Mystery space junk will reach Earth next Friday the 13th

A small payload of mysterious space junk is hurtling toward Earth, and it'll be arriving on the most apropos of days: Friday the 13th (of November). What is the junk composed of? That's not entirely known, but it does have a name: WT1190F, which, of course, looks like everyone's favorite text exclamation. That's purely coincidental, according to the researchers, as is its arrival date.

The space junk has only recently been discovered, and we know at this point that it will have a watery grave, as researchers say it is primed for landing in the Indian Ocean. That landing will happen on November 13. The space junk has had quite the road (space?) trip, though, as before entering our atmosphere, it first circled past the moon and sailed about unloved and unwanted.

WT1190F was spotted early this month by the Catalina Sky Survey, and researchers have been keeping an eye on it since.
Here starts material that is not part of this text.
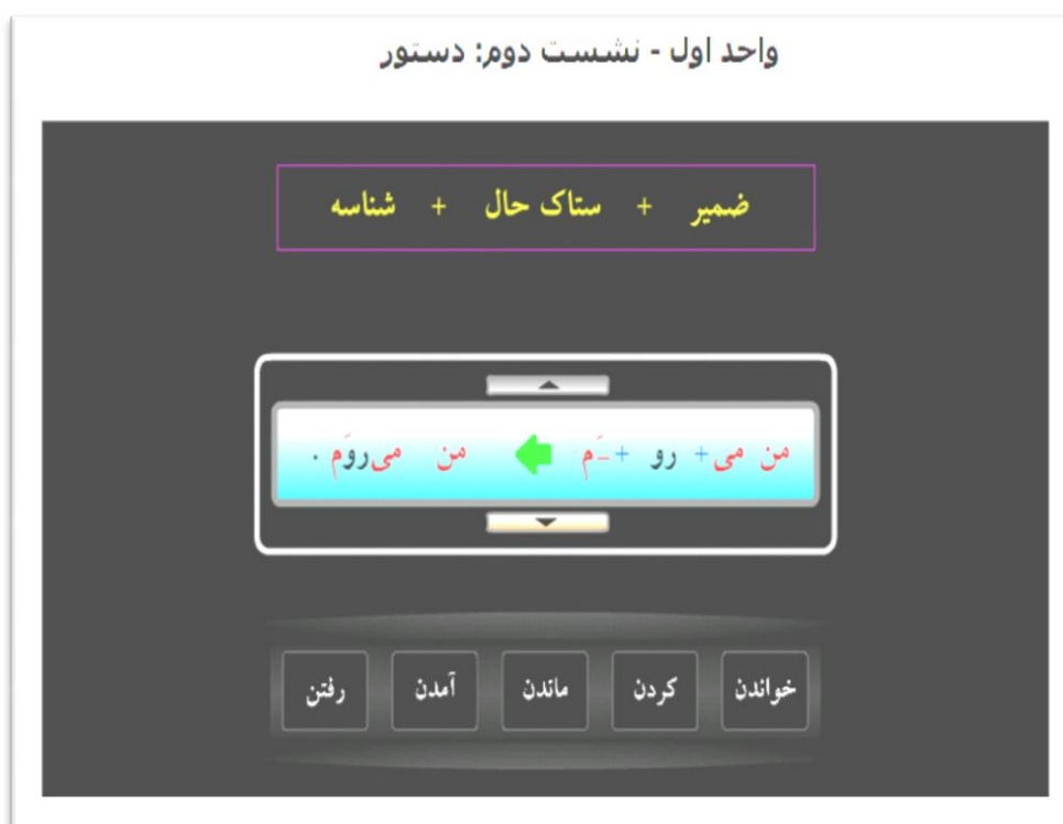
تصویر ۹. یک نمونه ابزار تعاملی برای یادگیری صرف فعل

یکی دیگر از زیرمهارت‌های زبان فارسی، زیرمهارت دستور زبان است. تنوع قواعد و نکات دستوری تا حدی بالاست که ساخت یک قالب برای آموزش تمام آن‌ها امری غیرممکن است. از این رو در این طرح پژوهشی، به ازای هر یک از نکات دستوری مورد نظر، یک اسلاید تعاملی به صورت مستقل ساخته شده است (تصویر ۹) که در گره‌های محتوایی بدون اتصال به پایگاه داده، در جریان درس بارگذاری می‌شود. زبان‌آموز در این قالب می‌تواند با حرکت ضمیر، نحوه‌ی صرف افعال را تمرین کند. از آن‌جا که نیاز به اسلایدهای مستقل از یک ساختار واحد، که در قالب خاصی نمی‌گنجد، در تمام مراحل طراحی درس مشاهده شد، یک گره مخصوص درج این‌گونه اسلایدهای مستقل در ماژول درسی پیش‌بینی شد.

The junk is said to be small at only a meter or two in size, and to have a "highly elliptical orbit". It will mostly burn up in the atmosphere, and will ultimately fall just south of Sri Lanka. The trajectory hints that the object, whatever it is, may be hollow and is likely artificial.

Putting it nearly poetically, astrophysicist Jonathan McDowell said the junk is perhaps "a lost piece of space history that's come back to haunt us," according to Scientific American. It could be a piece of an old rocket, something from an Apollo mission, or any other number of man-made materials. It will land at 6:20 UTC.